The COVID-19 pandemic has wreaked havoc on not only the economy and our health, but also our everyday lives. It came about so suddenly that we did not have adequate time or opportunity to prepare economically or mentally.
COVID-19 new case and related death reports are still a large portion of every news coverage report. Coupled with confusing and very frequently, discouraging guides and instruction from the CDC and political officials on how to conduct ourselves out in this new normal, many of us have become overwhelmed.
The most overwhelmed are the healthcare workers and first responders, who are selflessly working long hours responding to the many public needs during this unprecedented time. They cannot be thanked or appreciated enough for their daily sacrifice.
After over a year of being crammed inside our homes, job changes, balancing working from home and taking care of children and their schooling at home, it is not uncommon for many of us to have what is called a negativity bias. Negativity bias is where we view experiences with a more negative connotation than positive, encouraging, or even neutral; even if the experience has equal intensity parts of positive and negative. In fact, the positive or negative aspects of the experience are overlooked and canceled out by the strong intensity of negativity.
In order to beat negativity bias, studies show we need 5 positive stimuli to counteract the negative.
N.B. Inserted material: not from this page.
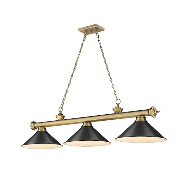 Cordon 3 Light Billiard, Rubbed Brass & Matte Black

Discussed below are a few ways to exercise positive stimuli to counteract negativity bias.
Be more generous
Focus on the goodness of humanity
One thing we as humans are good at doing in times of tragedy is uniting. There is something in us that forces us to put all personal issues aside and ban together to meet a common need when tragedy strikes. These times are not different. Turn off the news and view reports on stories that remind you how powerful human connection, human unity, and humanity are.
As cliché as it sounds, laughter really is one of the best medicines. Laughter relaxes the body, burns calories, protects the heart, and release endorphins. Endorphins are internally produced chemicals that relieve stress and pain.
Focus on the small things that make you happy
Lecturer and author Sandi Mann advocates on keeping a daily journal that answer 6 questions. Spending about ten minutes answering these questions on a daily basis promote positive psychology. Positive psychology supports the conviction that we can improve our daily mood by focusing on the small things that bring joy to us on a daily basis.
The six questions that should be answered are below:
1. What experiences, however mundane, gave you pleasure?
2. What praise and feedback did you receive?
3. What were the moments of pure good fortune?
4. What were your achievements, however small?
5. What made you feel grateful?
6. How did you express kindness?
These times are unprecedented, but human resilience and unity are not. Stay encouraged that our comeback is going to be greater than this setback.